Baked Rutabaga vs Alexanders

We scientifically analyze the biological properties of Baked Rutabaga and Alexanders. Review the differences in macronutrients, vitamins, minerals, and our final nutritional verdict.

Nutrient / MetricBaked Rutabaga (100g)Alexanders (100g)
Calories75 kcal 40 kcal
Protein1.5g 2g
Fats0.1g 0.5g
Carbohydrates17.2g 8g
Dietary Fiber3g 3g
GIGlycemic Index62 15
Water Content88% 92%

Nutritional Verdict

Based on nutrient-density scores (highly bioavailable proteins, soluble prebiotic fiber, and balanced glycemic metrics), Alexanders is programmatically rated superior for structural cellular health.

Baked Rutabaga

Baked rutabaga is a root vegetable known for its sweet, earthy flavor and creamy texture when cooked. It is rich in vitamins and minerals, making it a nutritious addition to various dishes.

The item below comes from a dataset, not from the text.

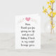 I customised this card for my Mum for Mother's day. Such a simple, yet elegant looking card. I love how easy is it to personalise it. Arrived within a good time frame and on time. My Mum loved it. We live on the other side of the world so it's lovely to be able to send something special with a personal touch. I've used zazzle for a long as I know now and I highly recommend if you want to send a specially customisable card to a loved one or friend. Great quality. Perfect
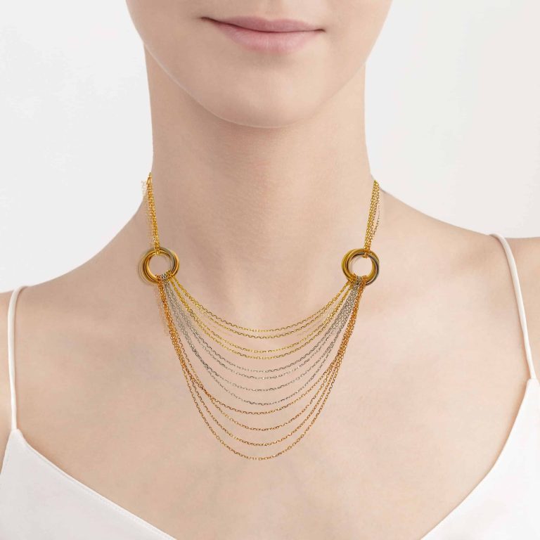 Gargantilha Cartier Trinity em ouro amarelo, branco e rosa de 18 kt – 750 ‰. Assinada e numerada “RV5114”, com certificado.

Rich in dietary fiber, baked rutabaga aids in digestion and promotes gut health.
High in antioxidants, it helps combat oxidative stress and may reduce the risk of chronic diseases.

Alexanders

Alexanders is a perennial herb known for its culinary uses and medicinal properties. It is rich in vitamins and minerals, making it a nutritious addition to various dishes.

Rich in antioxidants, Alexanders may help reduce inflammation and oxidative stress in the body.
Contains high levels of Vitamin C, which supports immune function and skin health.